Excerpts from a dataset
━━━━
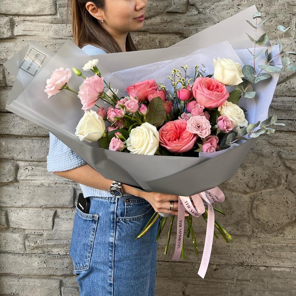 Гвоздики, Кустовые розы, Пионовидные розы, Розы
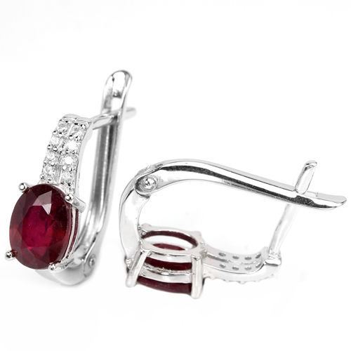 GENUINE 8X6 MM. BLOOD RED RUBY CZ 925 SILVER EARRING 14K WHITE GOLD COATING; STONE SHAPE-OVAL;STONE DIMENSION-8 X 6 MM.;ITEM WEIGHT-3.6 GRAM;COLOR-BLOOD RED;LUSTER-ALLURING;TREATMENT-HEATED;ORIGIN OF STONE-AFRICA;HARDNESS-7;FACE OF EARRING 14 X 6 MM. ;WHITE CUBIC ZIRCONIA 1.2 MM.
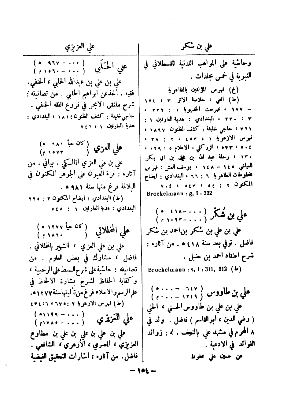 (ط) البغدادي: ايضاح المكنون 2: 225 البغدادي: هدية العارفين 1: 748 علي المخللاتي (كان حيا 1277 هـ) (1860 م) علي بن علي العزي، الشهير بالمخللاتي.
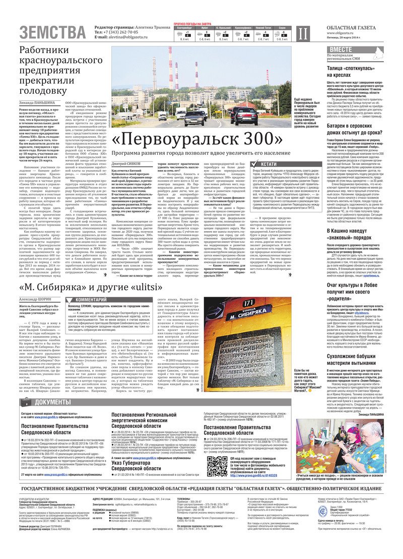 «Областная газета» № 55 (7378) от 28 марта 2014 года
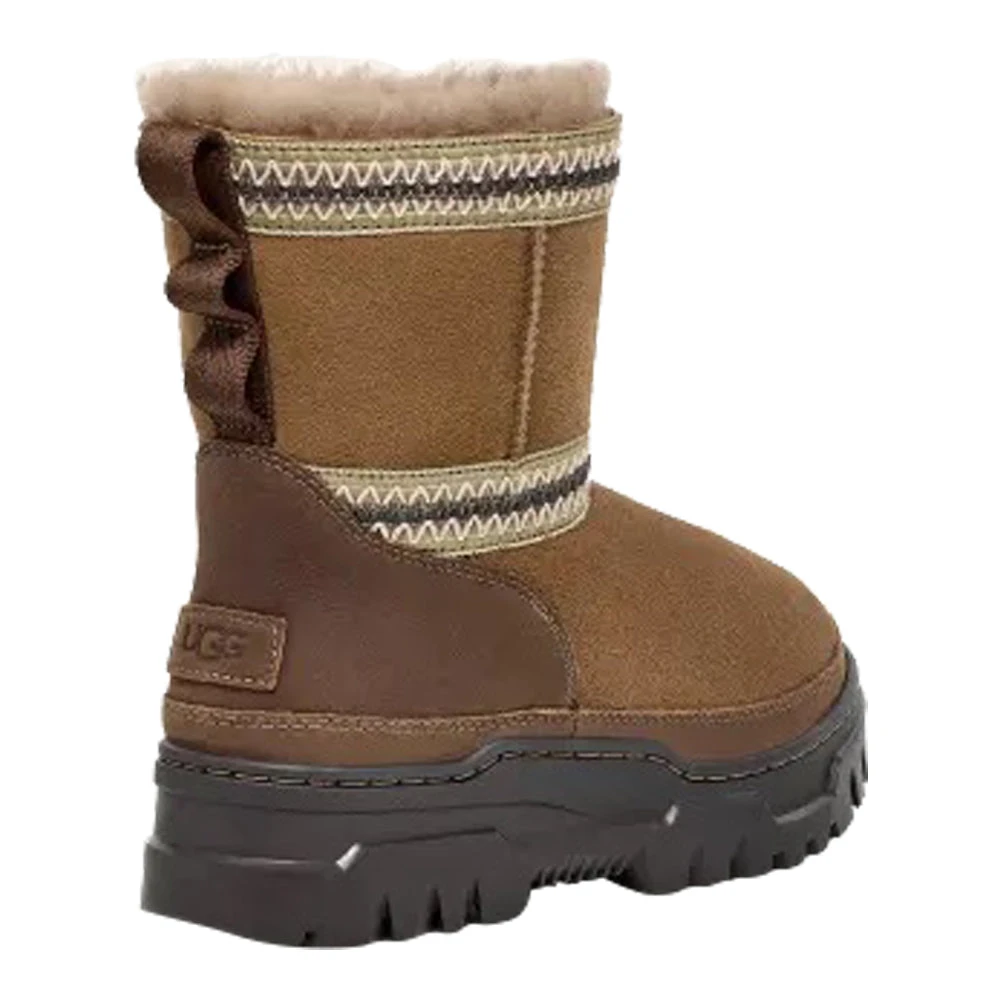 - Rear pull tab made from 100% recycled polyester fibers, UGGbraid detailing, Suede vamp, Leather mudguard, 17mm Twinface Sheepskin shaft, Leather heel counter
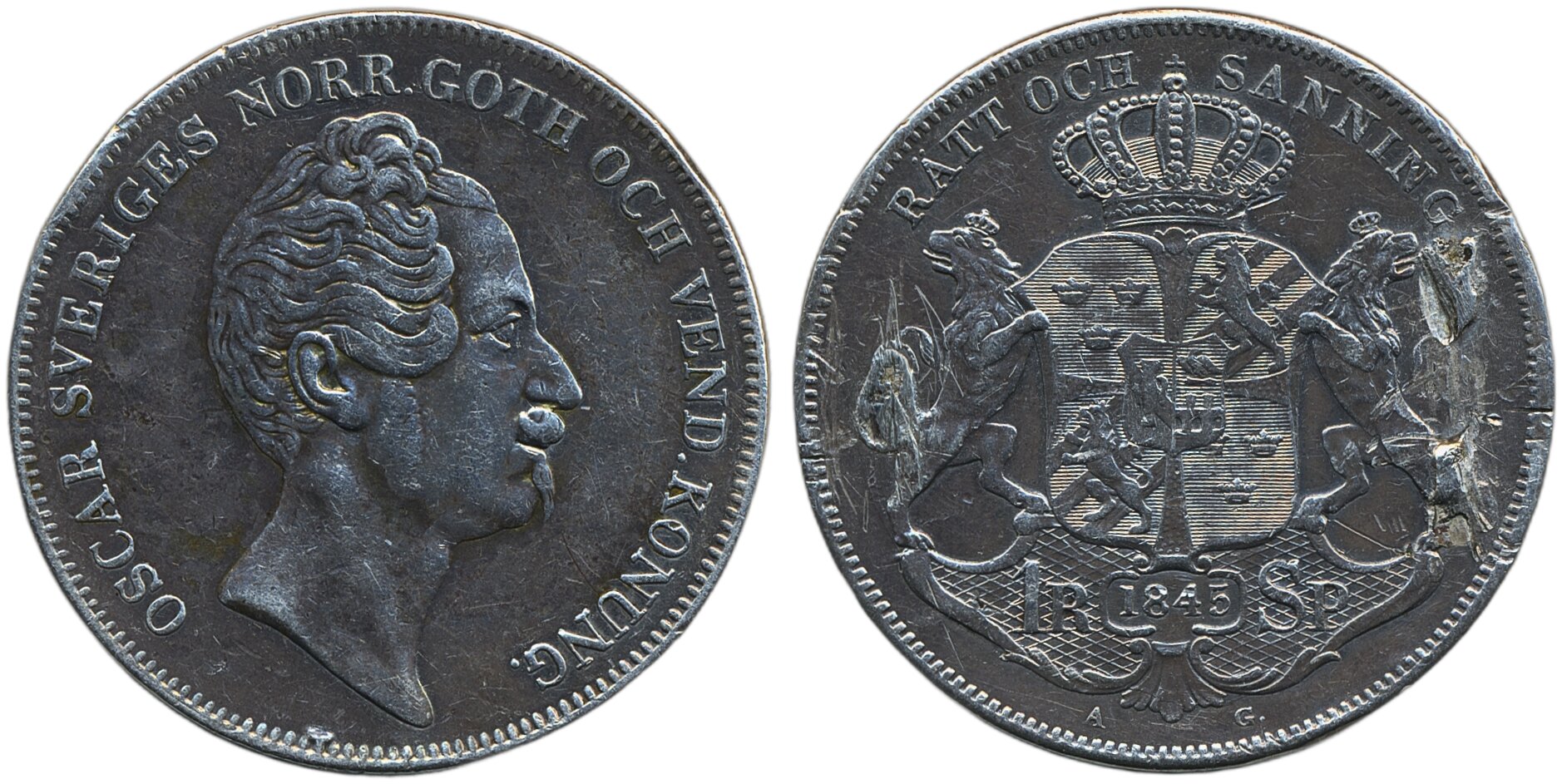 Coins, Sweden. Oskar I, SM 26, 1 riksdaler specie 1845. 33.76 g. Has been mounted. 1.
━━━━
> **Instructions for the task**
Leaving out the images, return the entries above exactly as they read.

> **Expected answer**
 Гвоздики, Кустовые розы, Пионовидные розы, Розы
 GENUINE 8X6 MM. BLOOD RED RUBY CZ 925 SILVER EARRING 14K WHITE GOLD COATING; STONE SHAPE-OVAL;STONE DIMENSION-8 X 6 MM.;ITEM WEIGHT-3.6 GRAM;COLOR-BLOOD RED;LUSTER-ALLURING;TREATMENT-HEATED;ORIGIN OF STONE-AFRICA;HARDNESS-7;FACE OF EARRING 14 X 6 MM. ;WHITE CUBIC ZIRCONIA 1.2 MM.
 (ط) البغدادي: ايضاح المكنون 2: 225 البغدادي: هدية العارفين 1: 748 علي المخللاتي (كان حيا 1277 هـ) (1860 م) علي بن علي العزي، الشهير بالمخللاتي.
 «Областная газета» № 55 (7378) от 28 марта 2014 года
 - Rear pull tab made from 100% recycled polyester fibers, UGGbraid detailing, Suede vamp, Leather mudguard, 17mm Twinface Sheepskin shaft, Leather heel counter
 Coins, Sweden. Oskar I, SM 26, 1 riksdaler specie 1845. 33.76 g. Has been mounted. 1.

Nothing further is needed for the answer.